The default backend is JAX, which is a high-performance numerical computing library
that we use for JIT compilation and GPU/TPU support. By default, JAX uses 32-bit
floating point precision, which leads to faster computation and lower memory overhead
but results in lower precision (~1e-6 precision). If you need precision at the
1e-16 level, set `use_x64=True`.

### Off-axis PSF options

- `use_jax`: Use JAX for computation. Default is `True`.
- `use_x64`: Use 64-bit floating point precision. Default is `False`.
- `x_symmetric`: Off-axis PSF is symmetric about the x-axis. Default is `True`.
- `y_symmetric`: Off-axis PSF is symmetric about the y-axis. Default is `False`.
- `cpu_cores`: Number of CPU cores to use. Default is `1`.
- `platform`: Computing platform to use for JAX computation. Options are `cpu`, `gpu`, `tpu`. Default is `cpu`.

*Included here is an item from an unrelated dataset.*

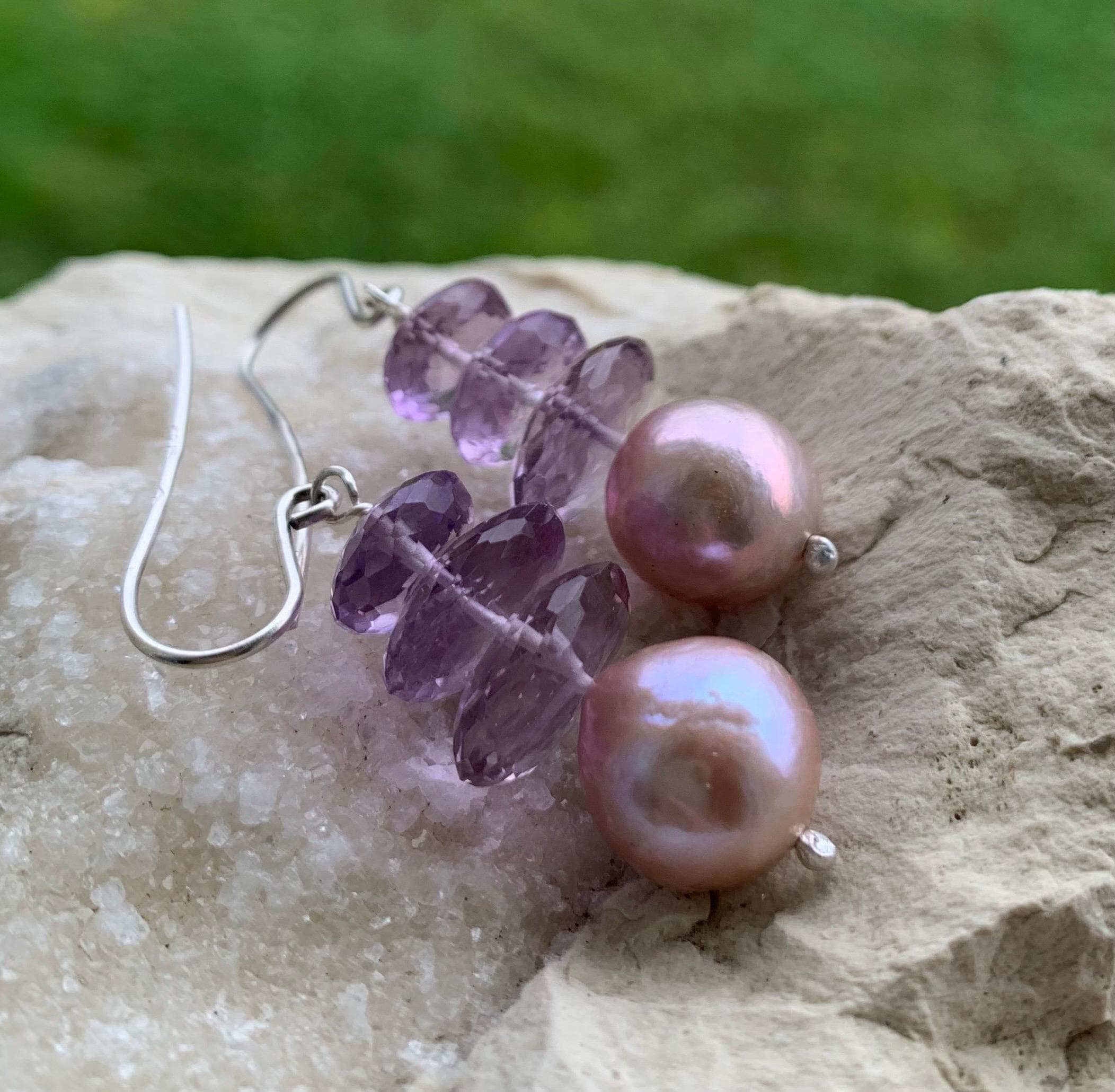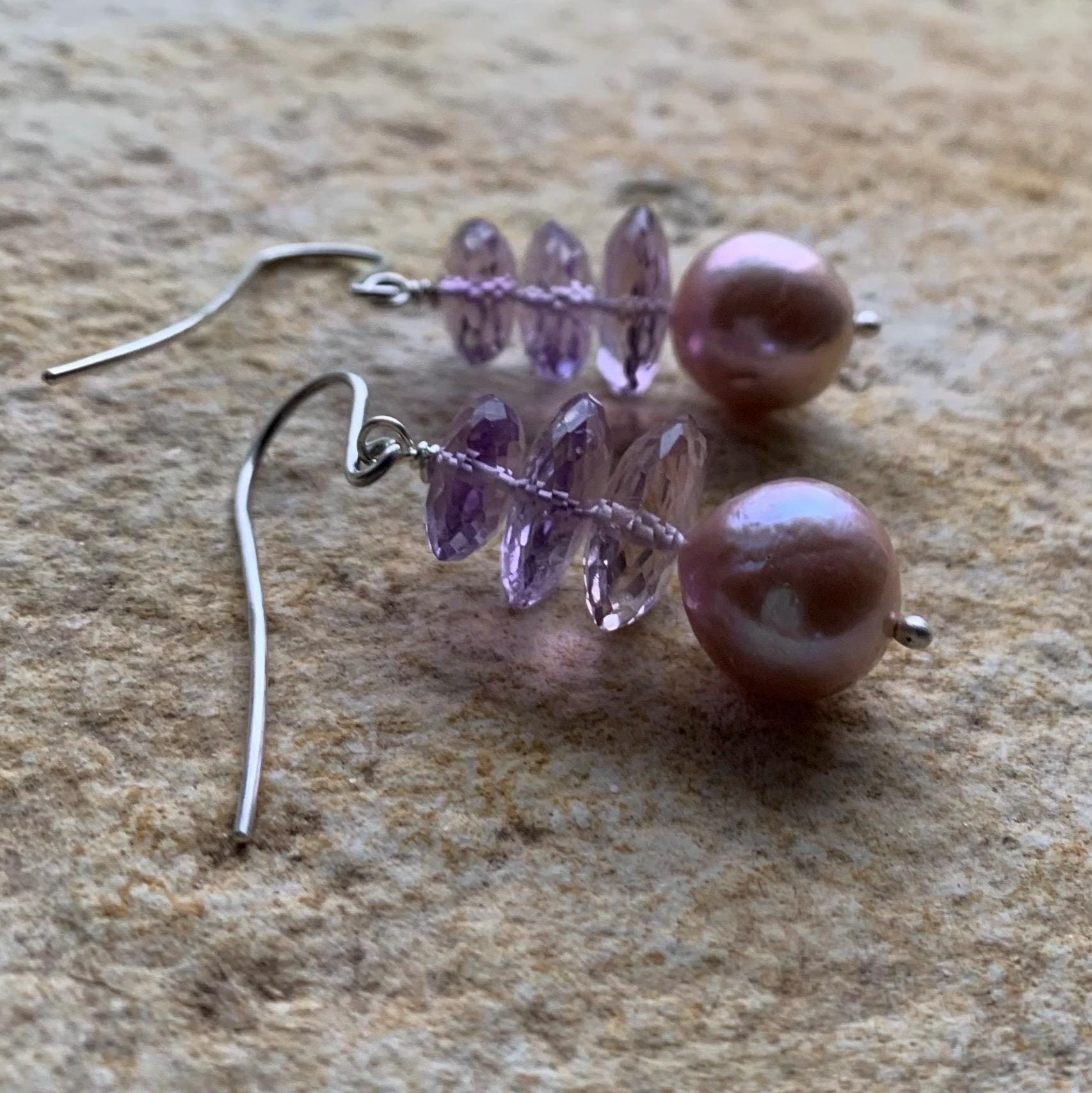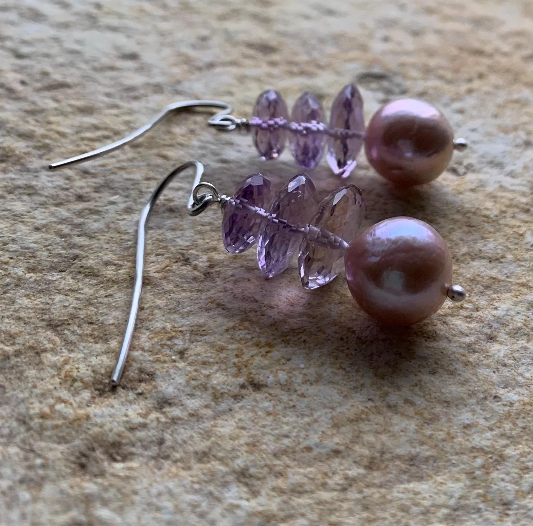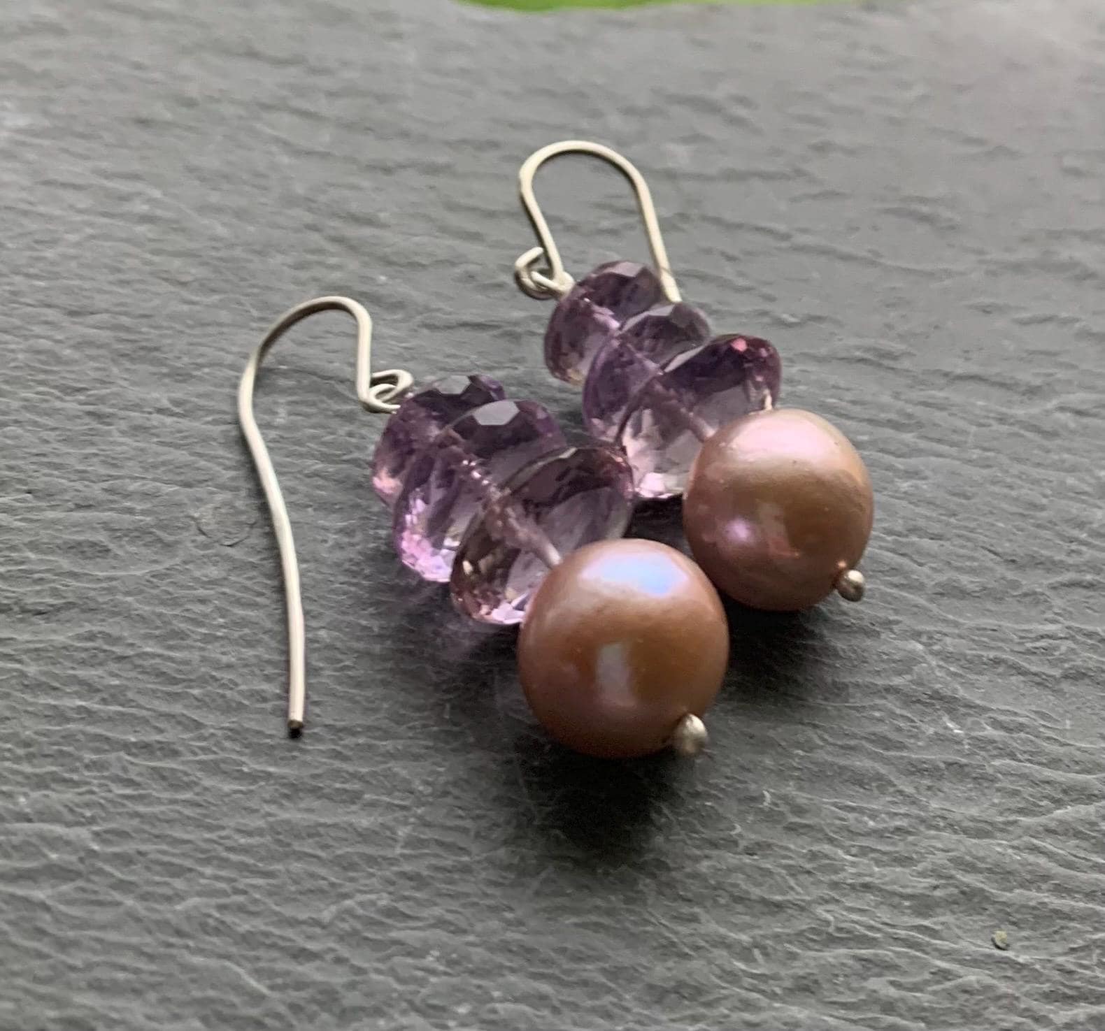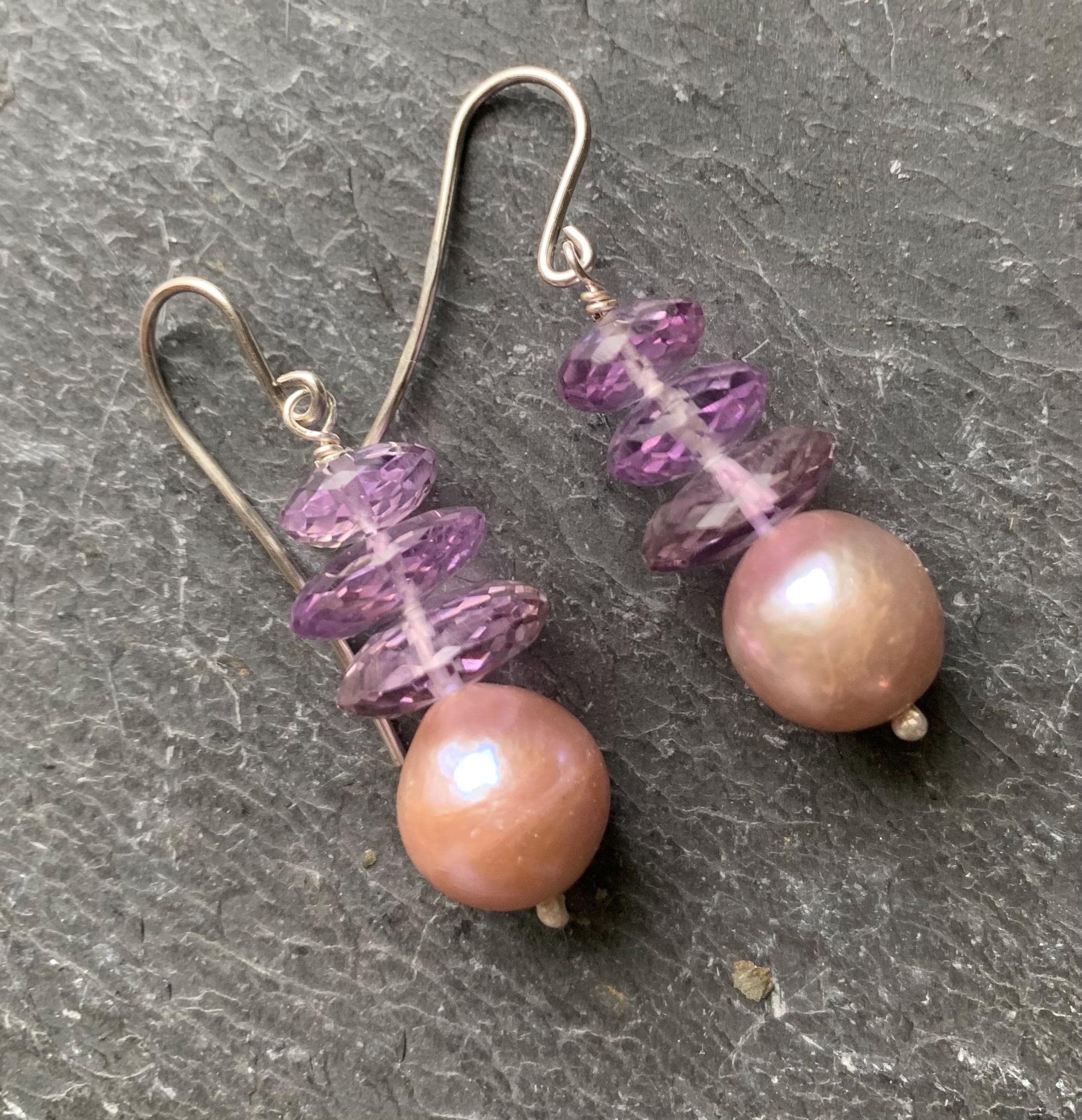 On the top of the earrings are hanging 2 x 3 amethysts and under these 2 rose/peach fresh water pearls on solid silver wire.

### Parallel processing of off-axis PSFs

The base call of `coronagraph.offax(x,y)` is the most user-friendly, but is not
the most efficient. When generating many PSFs it is recommended to convert all
required (x,y) positions into arrays of floats (in $`\lambda / D`$) and use the
`coronagraph.offax.create_psfs_parallel(x_arr, y_arr)` function. This function
uses JAX's `shard_map` to distribute the computation across multiple devices or
CPU cores.